Meet the “Manic Bossy Nightmare Girl,” the MPDG’s Worst Enemy
Ladies and gentlemen, we know have a term—with its own acronym and everything!—for the polar opposite of the sparkly, frantic princess known as the Manic Pixie Dream Girl. Let’s all give a warm welcome to the “Manic Bossy Nightmare Girl.” It’s about time.
But first, let’s give credit where credit is due: This morning, Heather Havrilesky (otherwise known as “Polly” on The Awl’s excellent advice column) coined the phrase in a piece for Salon called “Louie‘s manic bossy nightmare girls: How Louis C.K. destroyed this male wishful thinking fantasy,” in which she argues that the women in the show—the women whom, more often than not, Louie ends up sleeping with are certainly manic, yes, but in a way that’s less “aw!” and more, well, “AAAHHH!”

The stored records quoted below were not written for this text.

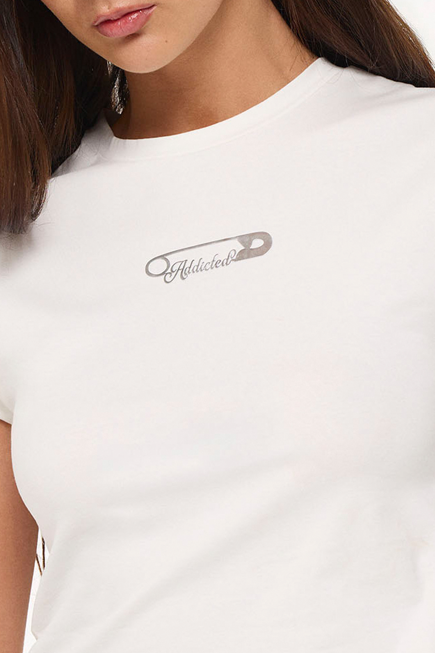 REMERA DE ALGODÓN CON SPANDEX CON FIT AL CUERPO. TIENE UNA ESTAMPA CON RELIEVE Y EFECTO METALICO DE UNO DE NUESTROS ELEMENTOS FAVORITOS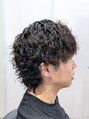 サイドのみツーブロックにツイストスパイラル、毛先はスパイラルで動き方を変えています。しっかり動きが出ますが、膨らみすぎず収まりが良いのがツイストスパイラルの特徴です。スパイラル特有の、外国人風の動きが欲しい方にもおすすめの組み合わせです。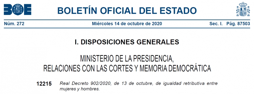 Se ha publicado en el BOE de 14 de octubre, el Real Decreto 902/2020, de igualdad retributiva entre mujeres y hombres.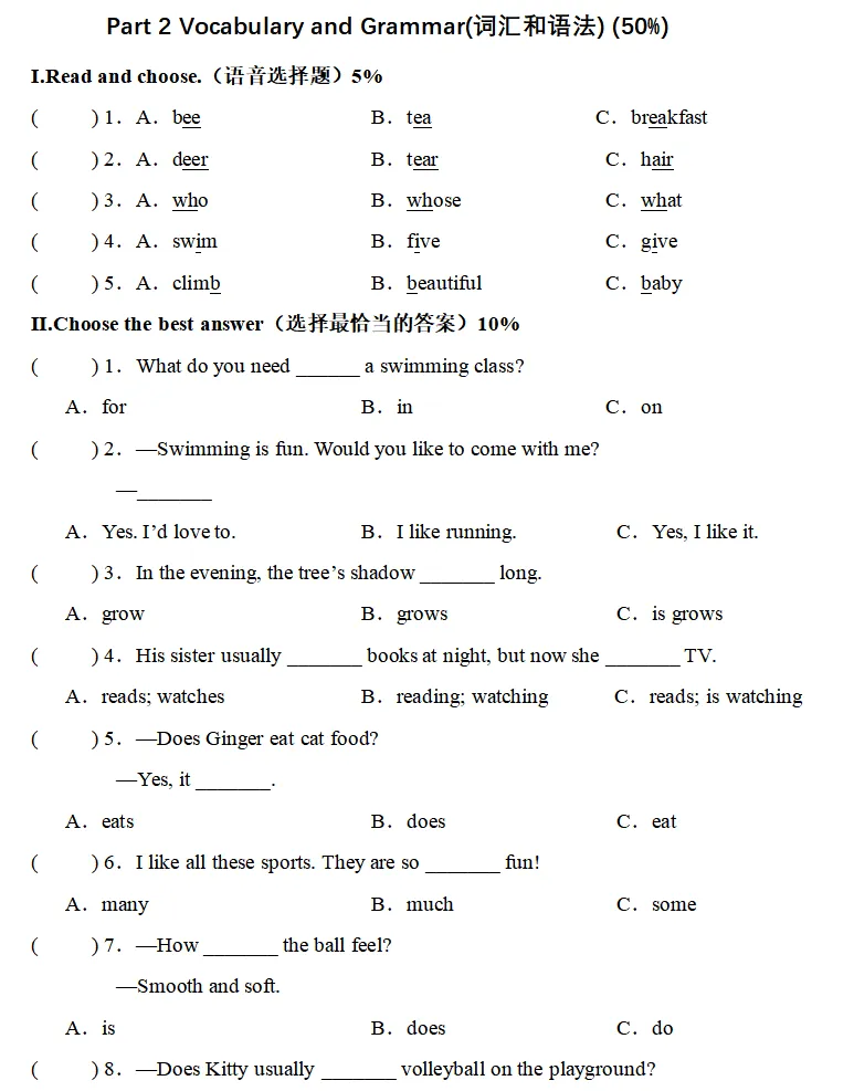 3月全国PET考试真题!附参考答案!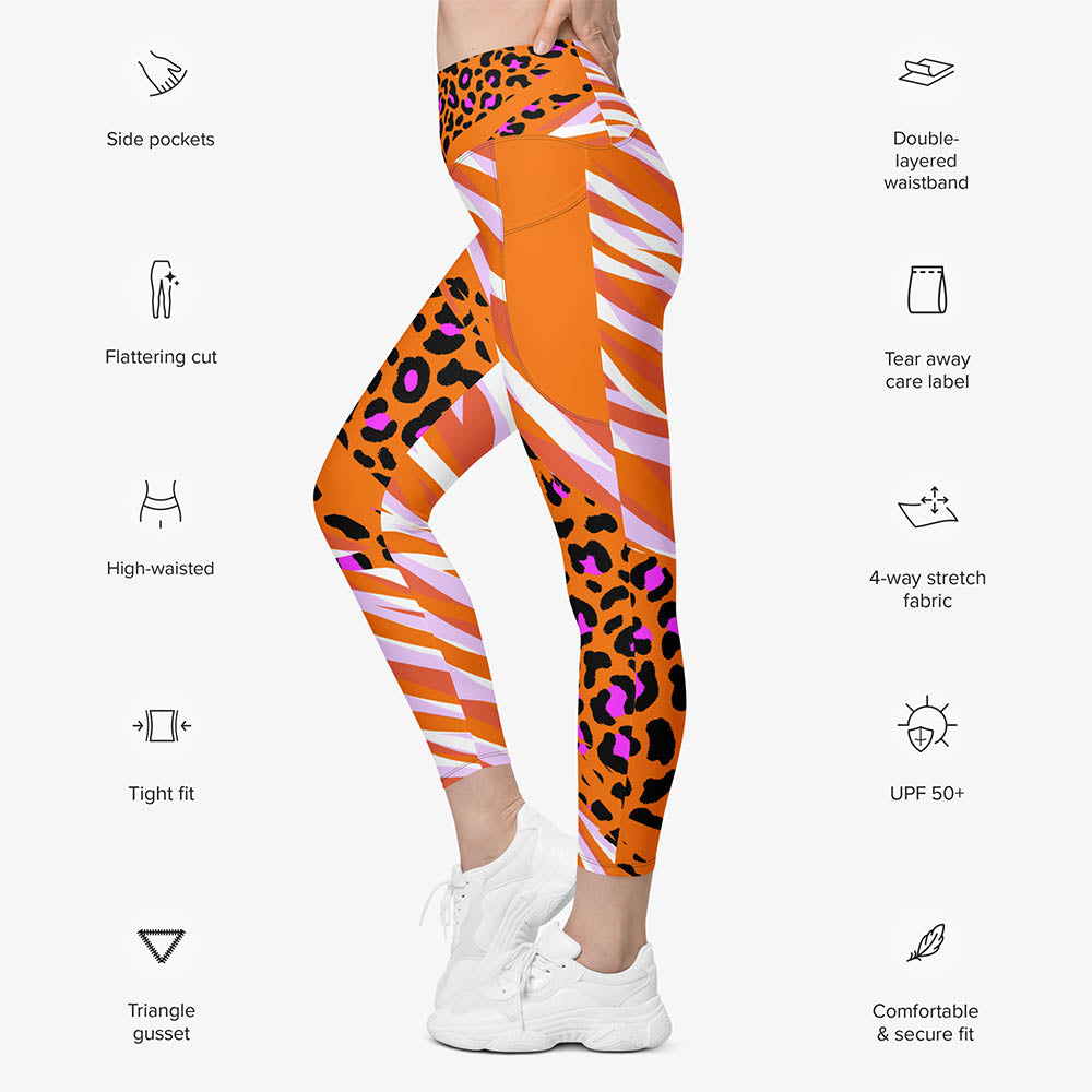 Recycled Animal Printed Leggings "Cheetiger" Orange with Pockets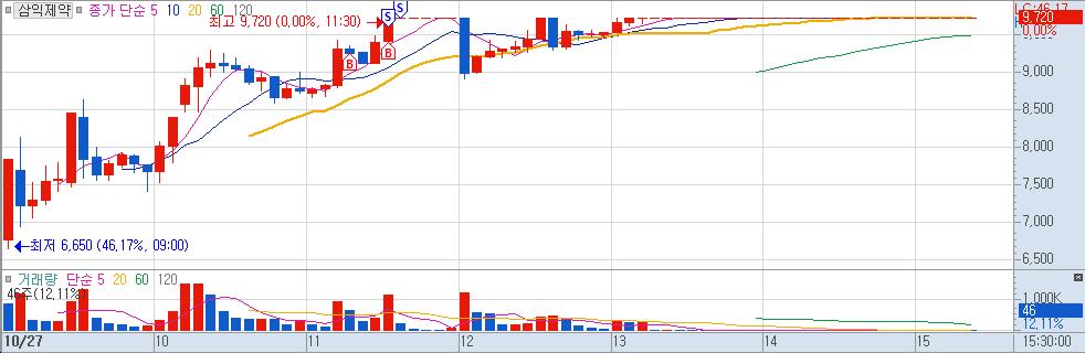 신규주가 차트가 예쁘게 오르고 있었음. 상한가에 가까워 져서 근처에서 눌림 매매를 함.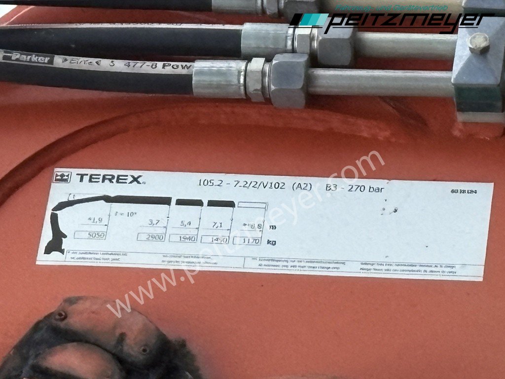 Aufbautyp: Ladekran Terex 105.2 - A 2, Baujahr 2008, wenig genutzt - nur 1.270 Betriebsstunden, Lastdiagramm 3,7 m - 2.900 kg, 5,4 m - 1.540 kg, 7,1 m 1.450 kg, Hochstandsteuerung, Drehservo, Lasthaken, Dreiseitenkipper L x B x H 4.600 x 2.470 x 980 mm, Stahlboden mit Zurrösen im Boden, Alubordwände

We’ve been hearing about the death of the Manic Pixie Dream Girl for years now, mainly due to the fact that overzealous critics really enjoyed using the phrase where it didn’t actually apply (cough, cough, Annie Hall, and I would argue, Summer of the 500 Days, although this appears to be an unpopular opinion), and thus depriving the trope of its original meaning, the female love interest in indie films who, according to Nathan Rabin at the A.V. Club:
“exists solely in the fevered imaginations of sensitive writer-directors to teach broodingly soulful young men to embrace life and its infinite mysteries and adventures. The Manic Pixie Dream Girl is an all-or-nothing-proposition. Audiences either want to marry her instantly (despite The Manic Pixie Dream Girl being, you know, a fictional character) or they want to commit grievous bodily harm against them and their immediate family.”

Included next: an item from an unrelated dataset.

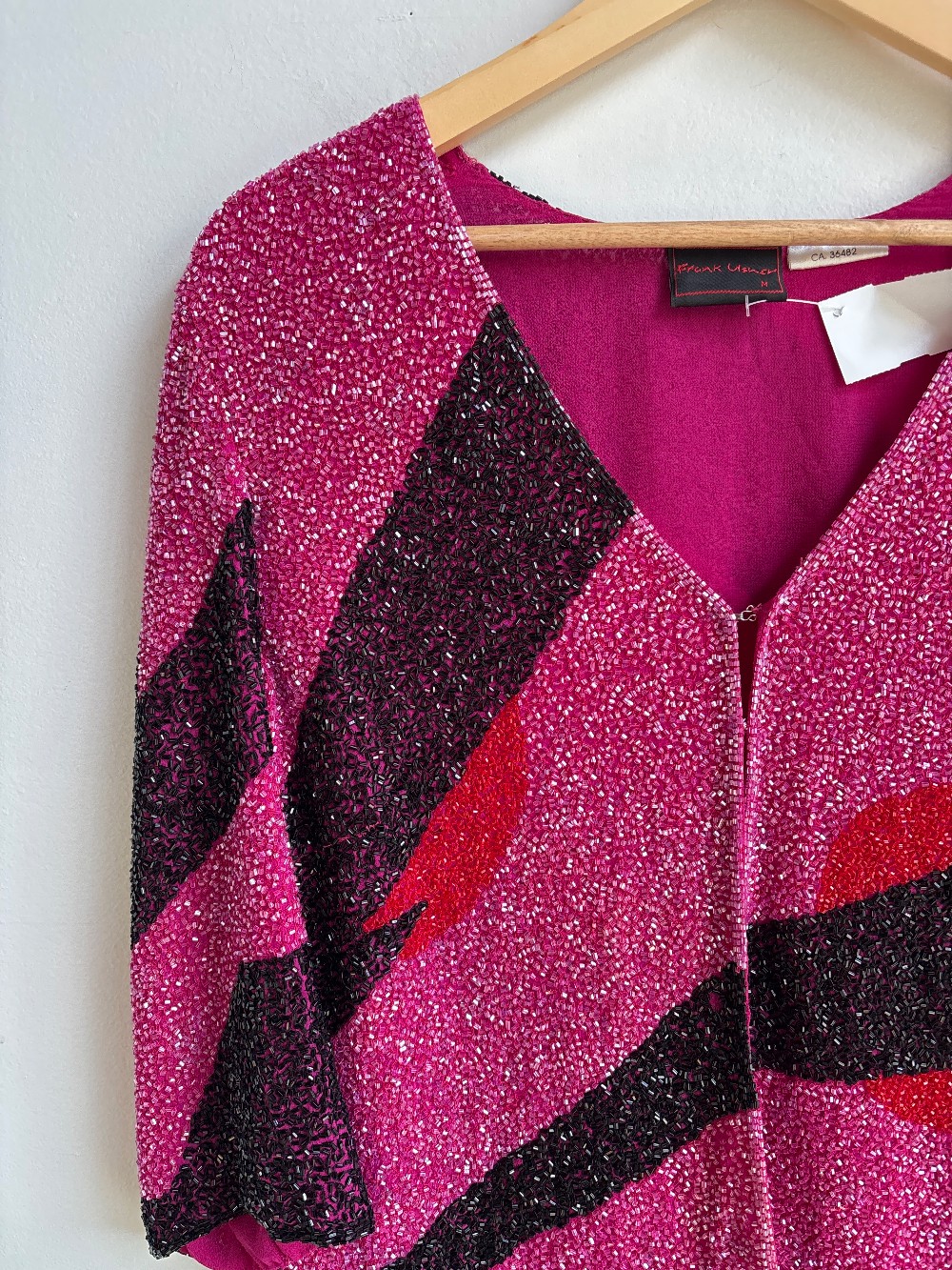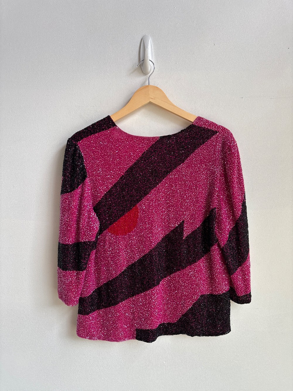 A delightfully sparkly pink cardigan with patterns of black and red. Features pink inner lining and a two clip front.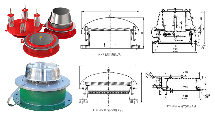 緊急放空人孔是快速泄壓裝置,通常與(阻火)呼吸閥配套使用。在(阻火)呼吸閥正常工作情況下,泄壓人孔基本保持密封狀態(tài),儲罐處于正常壓力。當(dāng)呼吸閥正常工作滿足不了因意外原因造成儲罐急劇超壓時,泄壓人孔的泄壓蓋自動頂開,進(jìn)行緊急泄壓,使罐內(nèi)壓力保持正常。當(dāng)排放氣體遇到帶有火花、火焰時,阻火層起到“器壁效應(yīng)”的作用來阻止火焰的通過,以保護(hù)儲罐的安全。

This, of course, is the other defining aspect of the Manic Pixie Dream Girl: Of the viewers that immediately despise her, many will likely do so precisely because she doesn’t actually exist in real life, despite continuous claims otherwise during a wave somewhere between 2012 and 2013 of women claiming they were, or had been at one point a real, in-the-flesh embodiment of the Manic Pixie Dream Girl, the problem being, of course, that nobody is. The Manic Pixie Dream Girl is a role to be played, a trope to use and then discard, not a person to become.

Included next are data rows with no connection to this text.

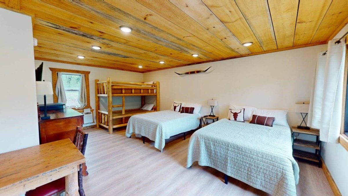 Acogedora cabaña de madera con cuatro dormitorios y a poca distancia del pueblo donde se puede disfrutar de restaurantes, tiendas, el lago y mucho más! ¡La casa incluye una espaciosa terraza Adirondack, sala de JUEGOS, fogata, parrilla, corn hole y mucho más! ¡Nuestra cabina incluye wifi, cable, aire central, lavadora y secadora, cocina completa y sala de estar! Una cama king y tres camas queen hacen que este espacio sea perfecto para familias y amigos. ¡Nuestra política no es reembolsable para cancelaciones y la tarifa por mascotas se cobra en el check-in!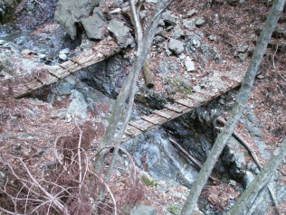 沢沿いまで下りると、沢歩きと高巻きのような印象になる。ルート判断を慎重にする必要がある。沢を跨ぐようなところには、道標があるので間違えることはないと思う。 |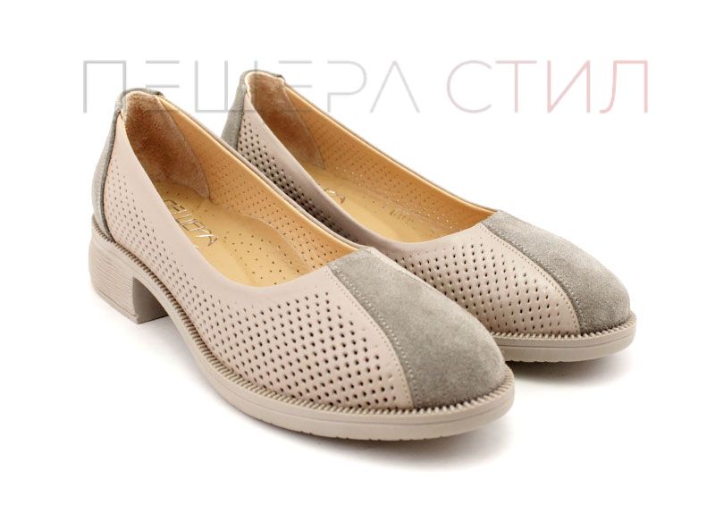 Дамски ежедневни обувки на гъвкаво, каучуково ходило с нисък ток, изработени от естествена кожа със ситна перфорация и елементи от естествен велур.  Стелката и хастарът също са от естествена кожа.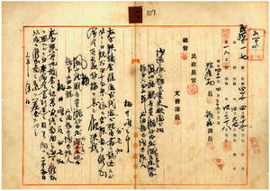 一〇 栂井唯三郎ト広瀬貞五郎ヘ鳳山庁管内ノ石油鉱増区願許可ノ件(指令第二二三三号)

And that’s why the Manic Bossy Nightmare Girl feels so fresh. Here’s how Havrilesky describes her:
“Rather than peppy and inspiring, the Manic Bossy Nightmare Girl is forceful, neurotic and sometimes downright scary. She knows exactly what she wants, and she’s not afraid to make an unceremonious lurch for it, even if a few innocent men are emasculated or eviscerated along the way. Time after time, the Manic Bossy Nightmare Girl sees right through Louie. She makes him feel weak and tongue-tied and pathetic. In other words, the MBNG teaches depressed, soulless middle-aged men to grow up and get their shit together, via lecturing, shaming and/or sucker punching.”
If you watch the show, you’ll recognize the MBNG in the vast majority of the female characters on Louie, notably played by Melissa Leo (the woman who owns a landscaping company and demanded Louie go down on her in her truck), Gaby Hoffman (Louie’s girlfriend who knows what he wants before he does, and isn’t afraid to tell him), and of course, Parker Posey, in one of the most fascinating arcs in sitcom history: When Louie meets her at a bookstore, she’s wearing German braids and in general, being Parker Posey–level adorable, and it isn’t until a few episodes later until we learn that she’s dangerously impulsive and a severe alcoholic. And then there was the blueberry lady, who queries Louie for “intercourse,” demands he go out to buy her Vagiteen and blueberries, and then asks to be spanked, which, naturally, causes her to have an excruciating-to-watch breakdown in which she repeats, through tears, “I’m so sorry, Daddy.”
But it’s not that these women don’t exist in other facets of pop culture. Louis C.K. didn’t invent the idea that women can be both intriguing and terrifying at the same time. What Louie does, however, is present these women as women so often are—as objects of love interest—and exploit this fact by giving them complicated histories and inconvenient emotions that make Louie, not his love interests appear shallow for ditching them, which he always ends up doing.
So, welcome, Manic Bossy Nightmare Girl. In a borough too-often labeled as an MPDG paradise, it’s nice to know that the mass effect of manic-pixie-ing women is spawning its polar opposite.